China’s interest in deepening its economic and military involvement in Pakistan is nothing new. As noted above, it is a relationship which has been nurtured for over half a century. However, what has changed and has enabled the Chinese to intensify their focus on Pakistan is the effective end of the West’s, and in particular the United States’, military operations in Afghanistan in 2015. Accordingly, NATO’s departure from Afghanistan has had two consequences: it has created a regional power vacuum and it has diminished America’s interest in Pakistan. And China has quickly jumped into the breach.

China has used this opportunity to bolster its long-term economic and strategic interests in Pakistan, the critical land bridge in the development of China’s Silk Road. Accordingly, the Chinese leaders have been willing to invest substantially in the development of Pakistan’s decrepit infrastructure, particularly in its roads and the energy sector. In absolute and relative terms, CPEC is huge compared to Washington’s last big economic package of $7.5 billion (2009-2014). The completion of the CPEC would also enable China to link up with its very significant economic interests in neighbouring Afghanistan, particularly in copper and oil. Significantly, the first capital that the new president of Afghanistan visited was Beijing, not Washington, let alone New Delhi.

However, for China’s ambitious projects in Pakistan to come to fruition, the restive frontier area in western Pakistan, notably the provinces of Balochistan and Khyber Pakhtunkhwa and the tribal areas, will need to be pacified. The Chinese leaders have been putting a lot of pressure on Pakistan to ruthlessly pursue the Afghan Taliban and their fellow ideological travellers, including the Uighur militants of the Al-Qaeda-linked separatist East Turkestan Islamic Movement (ETIM), who are hiding in those areas. ETIM fighters have launched raids into Xinjiang province from those lawless areas in the past. Accordingly, partly prompted by Beijing, the Pakistan military has been engaged in a year-long operation in North Waziristan hunting down the terrorists, including the members of the ETIM. Unfortunately, many of these have fled across the border into Afghanistan. China also recently hosted peace talks between the Taliban and the government of Afghanistan, with the Pakistan army intelligence present as well. Balochistan also remains a serious problem for China, with Chinese workers having been killed by Baloch separatists in the past. In order to avoid such a reoccurrence, the Pakistan government will be assigning a division of Pakistan’s special security to protect Chinese workers in the future.

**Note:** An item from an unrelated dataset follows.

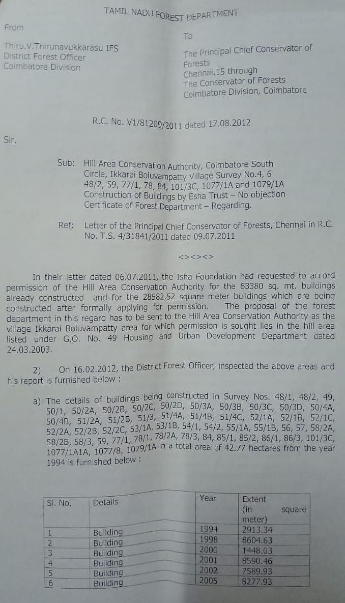 ईशा ने 2011 में एचएसीए से मंजूरी के लिए आवेदन किया था, लेकिन उन्होंने पहले ही कई संरचनाएं बना ली थीं। जुलाई 2011 में, वन विभाग के एक दस्तावेज से पता चलता है, ईशा ने एचएसीए को 63,380 वर्ग मीटर पर अवैध निर्माण के साथ-साथ 28582.52 वर्ग मीटर पर नए निर्माण को हरी झंडी दिखाने के लिए कहा। आवेदन पर विचार करते हुए, कोयंबटूर के तत्कालीन वन अधिकारी वी थिरुनावुक्कारासु ने फरवरी 2012 में ईशा आश्रम का दौरा किया। उन्होंने पाया कि ईशा ने 28,582.52 वर्ग मीटर के भूखंड सहित अवैध रूप से इमारतों की एक श्रृंखला का निर्माण किया था, जिसके लिए वह अनुमोदन के लिए एचएसीए के पास गई थी।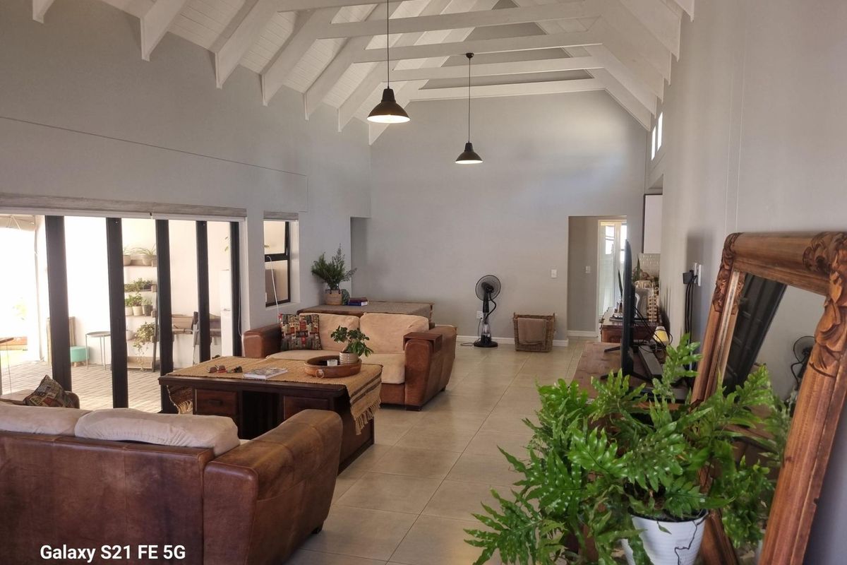 Relaxed coastal living in Jacobsbaai's secure estate, 900m from the beach and bordering a green belt. Private hot tub, open-plan flow — three beds, 2.5 baths, double garage.

Notwithstanding the difficulties discussed above, if the CPEC does become a reality — and this is a big if — this would be very good news for Pakistan, as it would help it address some of the country’s major developmental and economic issues. Put differently, it would prevent Pakistan from collapsing as a functioning state, a distinct possibility down the road and something China would not want to see happen given the knock-on effects this would have in the region. However, in geo-strategic terms the success of CPEC would not be good news for the US, for to all intents and purpose it would displace the US as Pakistan’s major external patron in favour of China. Most importantly, it would provide China with a firm and reliable long-term beachhead in the Indian Ocean close to the Persian Gulf, effectively making China a two-ocean power. This would be a red rag to India. So no wonder India has been complaining loudly about the CPEC. But the even more important question for policy-makers in Washington is how will this mega-Chinese project affect in the long-term America’s own pivot to Asia.

Claude Rakisits
Dr Claude Rakisits is a Director of Strategic Initiatives at PoliTact. He is also an Honorary Associate Professor at the Australian National University and a Visiting Research Fellow at the Brussels-based Centre for Security, Diplomacy and Strategy.